Recently I showed you how to fit stitch patterns into specific shawl shapes in my article Adapting Stitch Patterns to Fit Shawl Shapes and used triangle shawls as examples. Today we’re going to talk about how to include stitch patterns in vortex shawls and vortex shawl design.
What Are Vortex Shawls?
Vortex shawls are described in detail in my Ultimate Guide to Vortex Shawls. If you’re new I encourage you to read this article first to get an overview about their shape and construction methods.
Vortex Shawl Design
In shawl design fitting shape, stitch pattern and yarn together is the secret sauce to success. As vortex shawls are basically biased triangles – triangles worked sideways, but with combined decreases and increases as outlined in the Ultimate Guide to Vortex Shawls.
You can construct a vortex by increasing steadily on one side of the triangle and decrease any amount of stitches – as long as you decrease less than you’re increasing in total – every few rows.
A simple example is increasing one stitch every row and decreasing three stitches every six rows:
- Row 1 (RS): K1, YO, k to end. (N+1 sts)

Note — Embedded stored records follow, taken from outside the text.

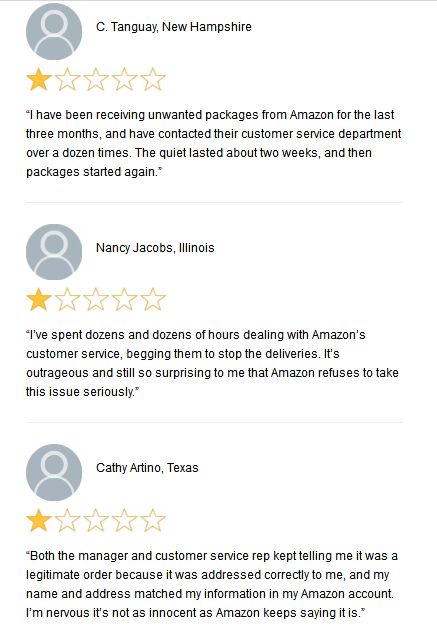 “过去三个月,我一直收到来自亚马逊的不需要的包裹,并且已经和他们的客服部门联系了十几次。然而只安静了大约两周,这些包裹就又来了。”
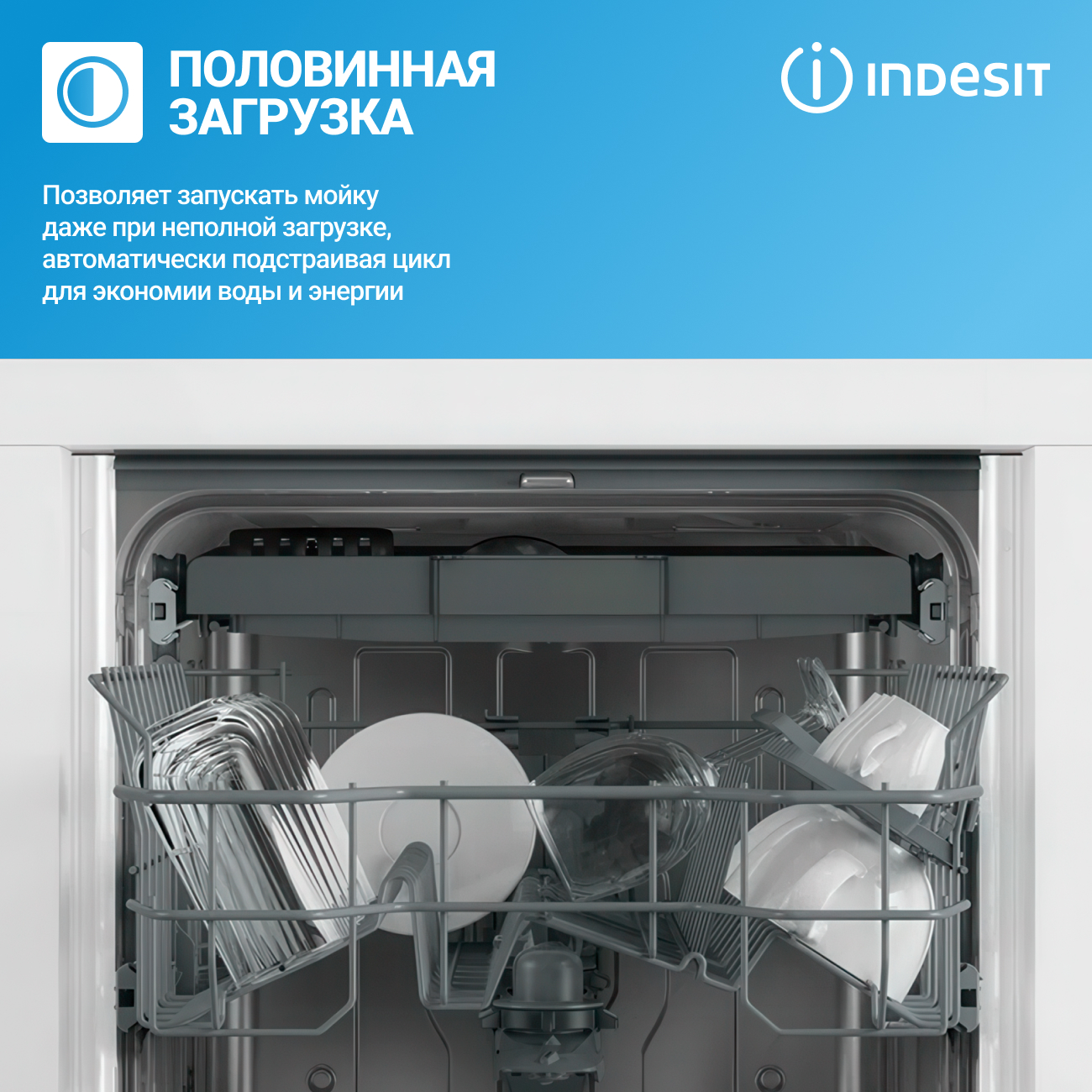 Функция «Половинная загрузка» - Экономьте время, воду и электроэнергию с функцией половинной загрузки, если вы не привыкли ждать заполнения всех корзин посудомоечной машины для ее запуска. Функция работает совместно со всеми основными программами.
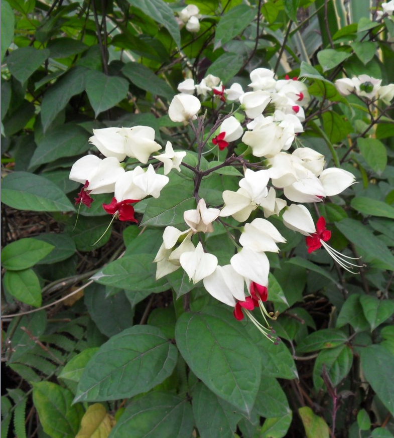 植物形态:多年生常绿藤本。株高2-5米,茎四棱;叶对生,深绿色,卵状矩圆形或卵形,长6-10厘米。宽4-7厘米,先端急尖,基部圆形,叶脉枝形,有短柄,边缘有细小钜齿或全缘;聚伞形花序顶生或腋生,呈疏散状,二歧分枝,花萼筒短,绿色,裂片白色,卵形,宿存,春夏开花,花美丽,萼白色较大、花冠上部深红色,花开时红色的花冠从白色的萼片中伸出,宛如龙吐珠,故名。花冠筒圆柱形,柔弱,5裂片深红色,从花萼中抻出,雄蕊及花柱很长,突出花冠外,花期春夏 。果实肉质球形,蓝色,种子较大,长椭圆形,黑色。

- Row 2 (WS): Knit to last stitch, YO, k1. (N+2 sts)
- Row 3 (RS): K1, YO, k to end. (N+3 sts)
- Row 4 (WS): Knit to last stitch, YO, k1. (N+4 sts)
- Row 5 (RS): K1, YO, k to end. (N+5 sts)
- Row 6 (WS): K4tog, knit to last stitch, YO, k1. (N+6-3 = N+3 sts)
I call this a “6/3 Vortex” – We increase six stitches and decrease three stitches per repeat.
Let’s have a look at the corresponding chart as shown below.
Available Canvas for Stitch Patterns
The section available for stitch patterns is the section outlined in black. You can choose any number of stitches for your repeat not only the one stitch repeat shown in the chart above.
The stitches right and left from it are what I commonly refer to as side stitches. These side stitches are usually not available for the pattern’s repeat. You can fill them up but you don’t need to, except if your stitch patterns has unpaired decreases or increases at the edges (same as for every stitch pattern!).
An example for an 8/4 vortex shawl (eight increases, four decreases – a total of 4 decreases per repeat) is shown in the chart below.
I strongly recommend using charts with eight row repeats for 8/x shawls, six row repeats for 6/x vortex shawls, etc. It really makes things much simpler to have a chart that has the same amount of rows each repeat as your decreases have.